Troy Paredes, on the board of the Securities and Exchange Commission, capped off a speech last week about the future of financial services with his views on the role directors should play.

"What matters most is not how a board is composed or structured. What matters most is how directors act," Paredes said.

"Directors should be willing to dissent, and disagreement from others should not be discouraged or suppressed. When it leads people to engage rigorously, disagreement helps ensure that the unknown is identified; that potential conflicts are spotted; that information is uncovered; that overconfidence and other biases are managed; that 'outside the box' thinking is sparked; and that challenges and opportunities are assessed in a more balanced way."

Paredes warned against directors becoming "complacent or too deferential to management just because the CEO has been making the right calls and the company has been on a good run. Whether the company is successful or struggling, the tough questions need to be asked to help ensure that the best decisions are made going forward."

It's common sense, but it's not common practice on too many boards today.

Kevin Blakely, a former regulator and banker who is now a senior advisor at Deloitte & Touche, tied the two pieces together.
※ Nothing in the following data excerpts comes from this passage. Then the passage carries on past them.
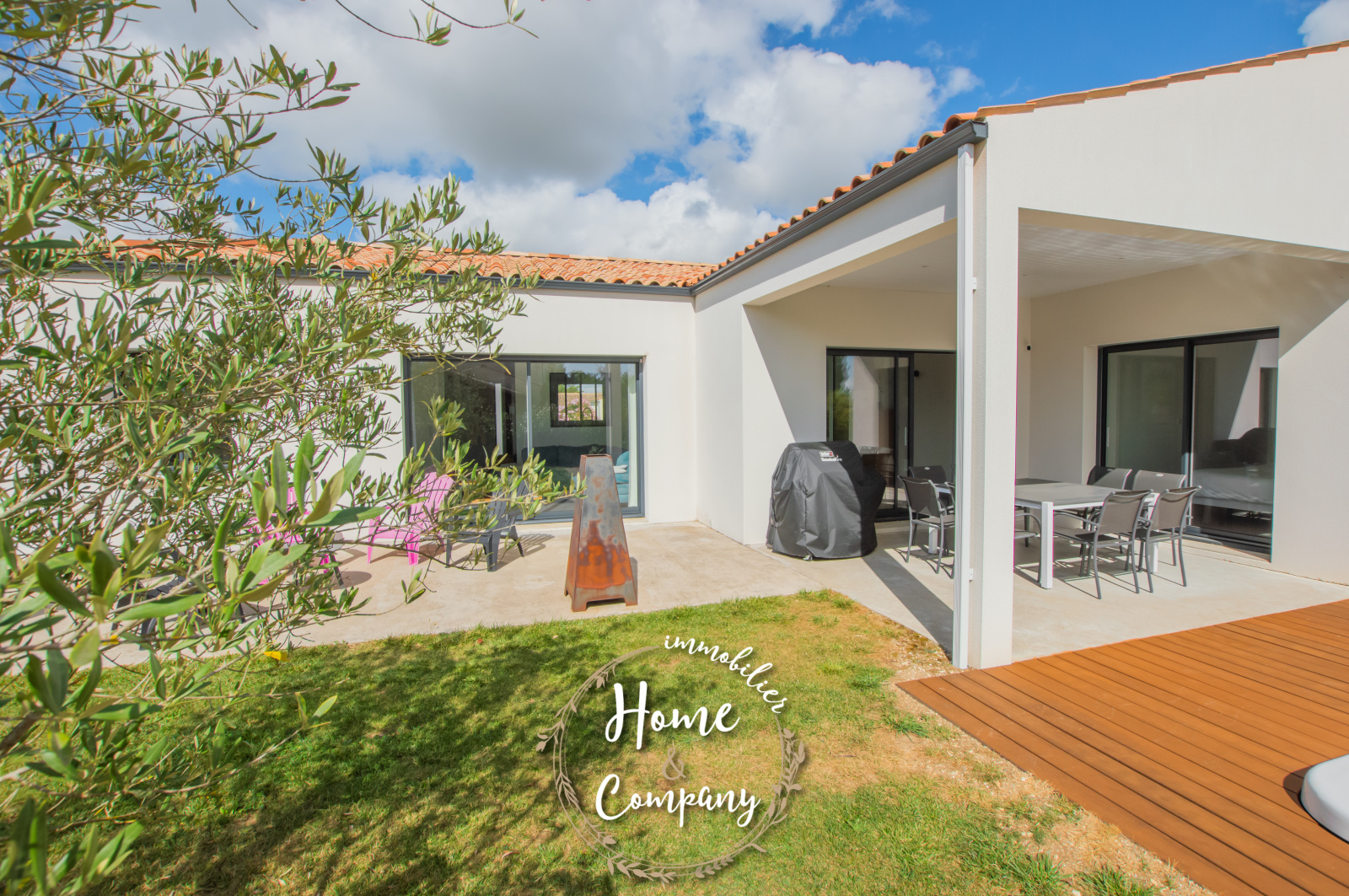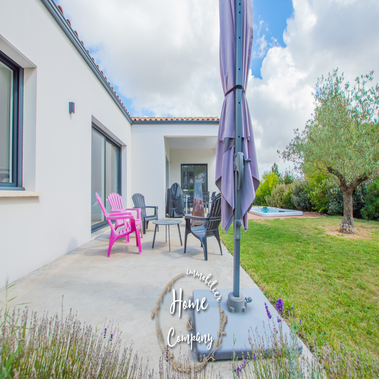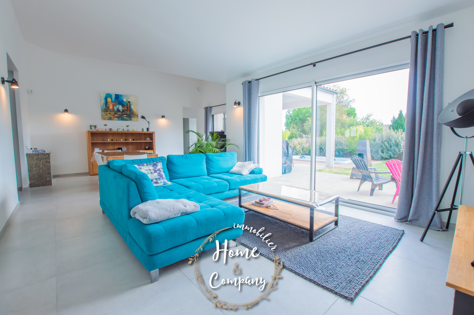 SAINT-SULPICE-DE-ROYAN - BELLE MAISON DE PLAIN-PIED - Située à quelques mètres des commerces du centre-bourg de ST SULPICE, Home & Company Immobilier vous présente en EXCLUSIVITE cette jolie maison récente de 173m2 habitables entièrement de plain-pied et présentée dans un état irréprochable sur une parcelle de 1108m2. Judicieusement pensée, cette maison offre un véritable confort de vie. L'entrée passée, un vaste séjour de 45m2 avec belle hauteur sous plafond dévoile de belles perspectives sur le jardin paysagé, une cuisine aménagée et équipée. Côté nuit, 2 espaces ont été créé ; le premier est une véritable suite parentale avec chambre vue sur terrasse et jardin, dressing aménagé, WC et SDE privative. En opposition, le second espace propose 4 chambres, une salle de bains avec douche et WC indépendant. Rien ne manque : cellier, lingerie, double garage de 53m2. Le jardin paysagé dispose de terrasses, d'un SPA encastré et d'une aire de stationnement. Prestations de qualité. Plus de photos et visite virtuelle sur le site de l'agence Home & Company immobilier. DONT honoraires 3,86% à la charge de l'acquéreur. Montant moyen estimé des dépenses annuelles d'énergie pour un usage standard, établi à partir des prix de l'énergie de l'année 2021 : entre 685€ et 927€.
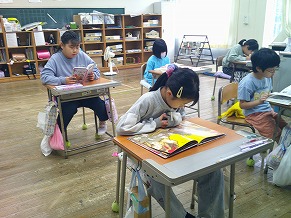 定期的に、図書館司書の先生が来てくださって、図書の整理をしたり掲示物を作ったりして、図書室の環境整備をしてくれています。いつも、読み聞かせもしてくれます。今回は、日本や世界の昔話でした。
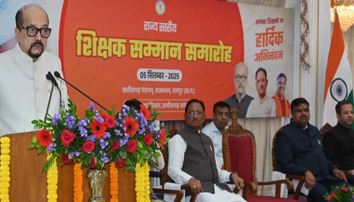 समारोह की अध्यक्षता कर रहे मुख्यमंत्री विष्णु देव साय ने कहा कि शिक्षक ही सच्चे राष्ट्र निर्माता होते हैं। वे देश को ऐसे राष्ट्रभक्त नागरिक देते हैं, जो आगे चलकर समाज और राष्ट्र की उन्नति में योगदान देते हैं। जिस प्रकार दीपक स्वयं जलकर दूसरों को प्रकाश देता है, उसी प्रकार शिक्षक भी अनेक कठिनाइयों के बावजूद ज्ञान का उजाला फैलाते हैं। उन्होंने कहा कि छत्तीसगढ़ राज्य अपनी स्थापना के 25 वर्ष पूरे कर रहा है और इस रजत जयंती वर्ष में प्रदेश ने हर क्षेत्र में उल्लेखनीय प्रगति की है। शिक्षा विकास का मूलमंत्र है और इसके बिना जीवन अधूरा है। पिछले वर्षों में शिक्षा के क्षेत्र में भी व्यापक विस्तार हुआ है। आज प्रदेश में 20 से अधिक विश्वविद्यालय, 15 से ज्यादा मेडिकल कॉलेज और राष्ट्रीय ख्याति प्राप्त संस्थान जैसे आईआईटी, आईआईएम, एम्स तथा लॉ विश्वविद्यालय स्थापित हैं।
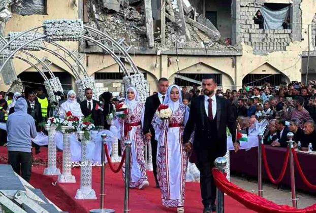 54 COUPLES TIE KNOT DURING MASS WEDDING AMID GAZA RUINS
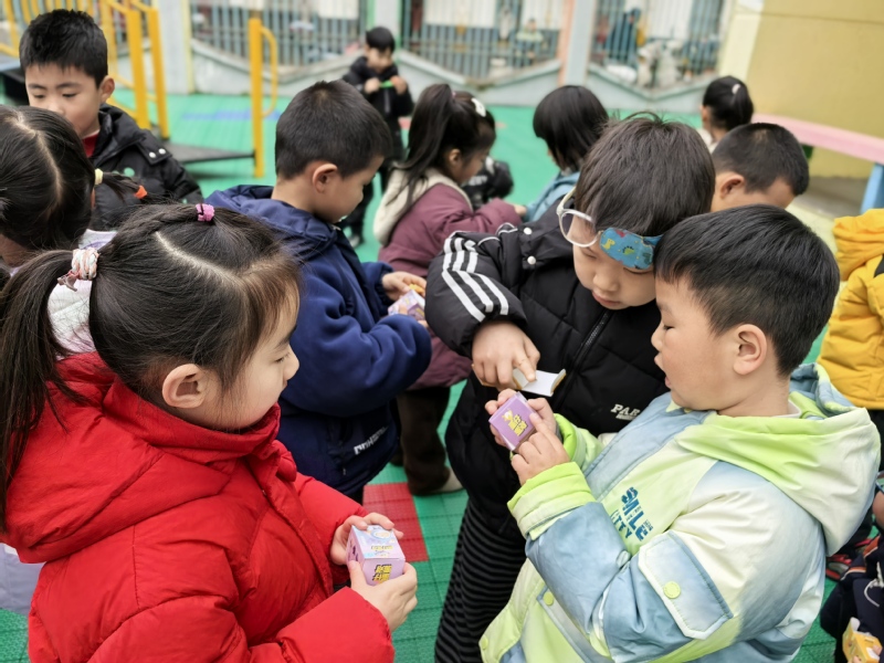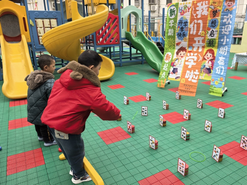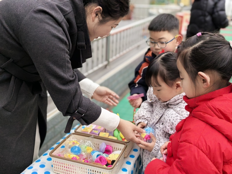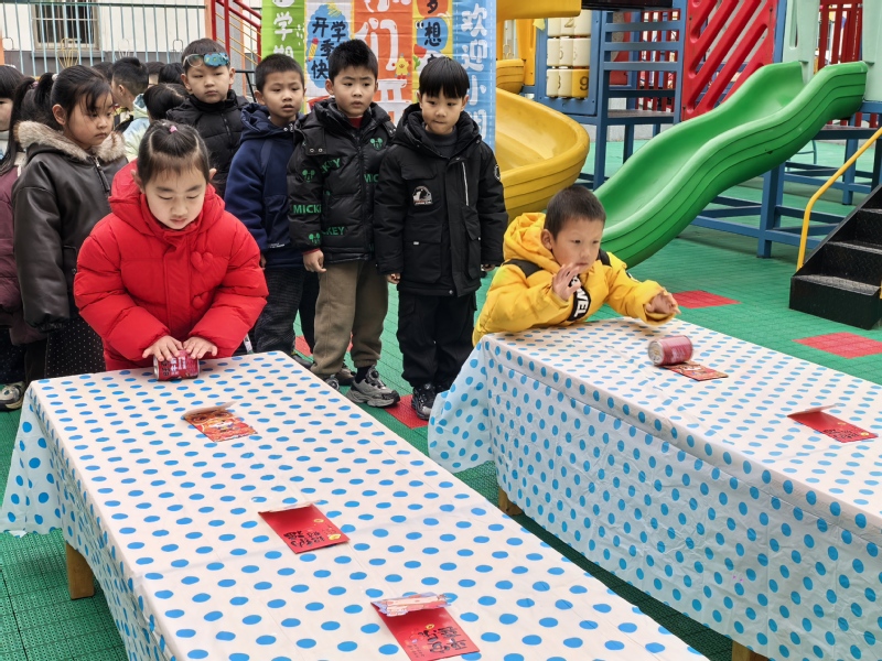 3月5日上午9:30,在老师的组织下,孩子们“套彩头”。当小小的套圈扔出,套中了“柿柿如意”“快乐番倍”“大柚作为”“樱有尽有”“薯你最棒”等图片时,孩子们高兴地和同伴击掌、和老师比心。
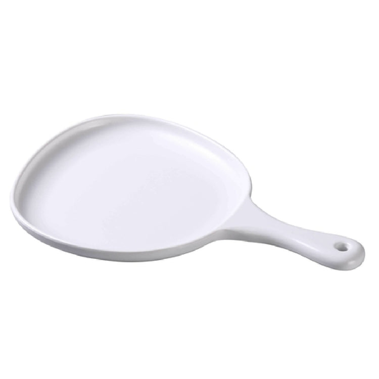 The Yanco MO-810 Moderne Pan Plate is an expertly designed serving solution, measuring 12 inches in length, 8 inches in width, and 1 inch in height, making it a versatile choice for various culinary presentations. Its organic shape, complemented by an ergonomic handle, enhances both aesthetic appeal and practical functionality, ideal for modern dining establishments. Made from durable melamine, this pan plate guarantees long-lasting use while being lightweight, offering an excellent alternative to traditional ceramic dishes. The matte finish in a classic white color provides a sophisticated backdrop, allowing the vibrant colors of your culinary creations to shine. Conveniently dishwasher safe, the Yanco MO-810 ensures effortless maintenance, making it a practical option for high-volume food service environments such as restaurants, catering businesses, and hotel dining services. Sold by the case, with each case containing 1 dozen plates, it provides an economical and efficient stocking option for establishments looking to equip their kitchens with high-quality, stylish serveware. With its combination of style, durability, and functionality, the Yanco MO-810 Moderne Pan Plate is an exceptional addition to any food service operation looking to enhance their presentation standards.
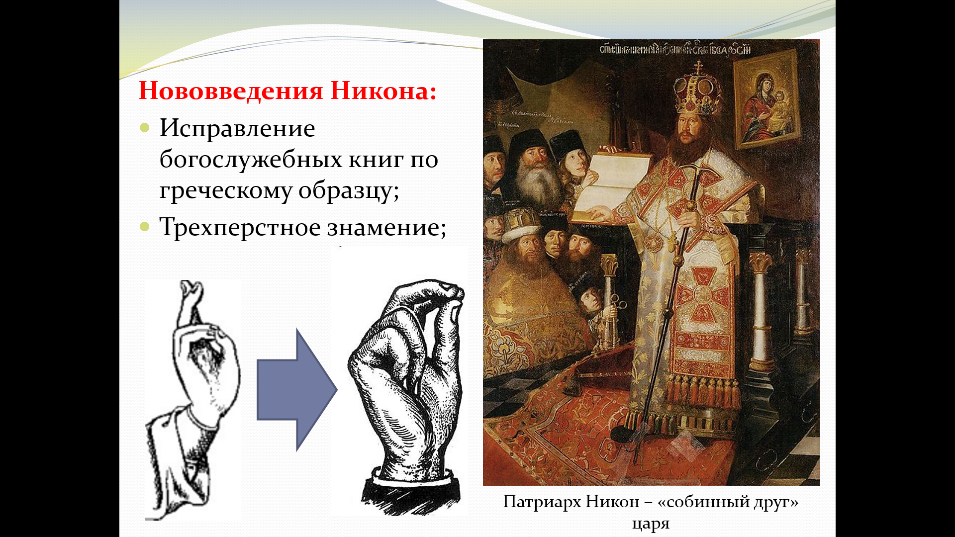 Проанализировать суть реформ патриарха Никона (исправление книг по греческим образцам, изменения в обрядности).

Transparency and governance, he said, go hand in hand. A bank has to be able to put its figurative hands on data to have a fighting chance of managing its risks.

Too many firms haven't comprehensively integrated information systems, especially after acquisitions. They don't have common definitions for products or standardized ways of reporting data.

"Clearly, data that is pulled from a consistent source, has a high degree of integrity, and is readily available, benefits [banks] on a number of fronts," Blakely said. "There is increased transparency within the firm as to business performance, a higher degree of confidence in decisions made, management and board reports with greater accuracy and over time a greater degree of trust by the investment community in the company's numbers."

If boards and the executives who report to them don't get serious about getting governance and risk management right, headline-grabbing problems will continue to plague the industry.

A tipping point will be reached, and then the industry will be out of options. If bankers think Dodd-Frank was bad, wait till Round Two, which is sure to include some blend of activity restrictions, taxes or fees, tighter size limits and tougher capital requirements.

At some point, the red tape will strangle the industry, and that won't be good for anyone.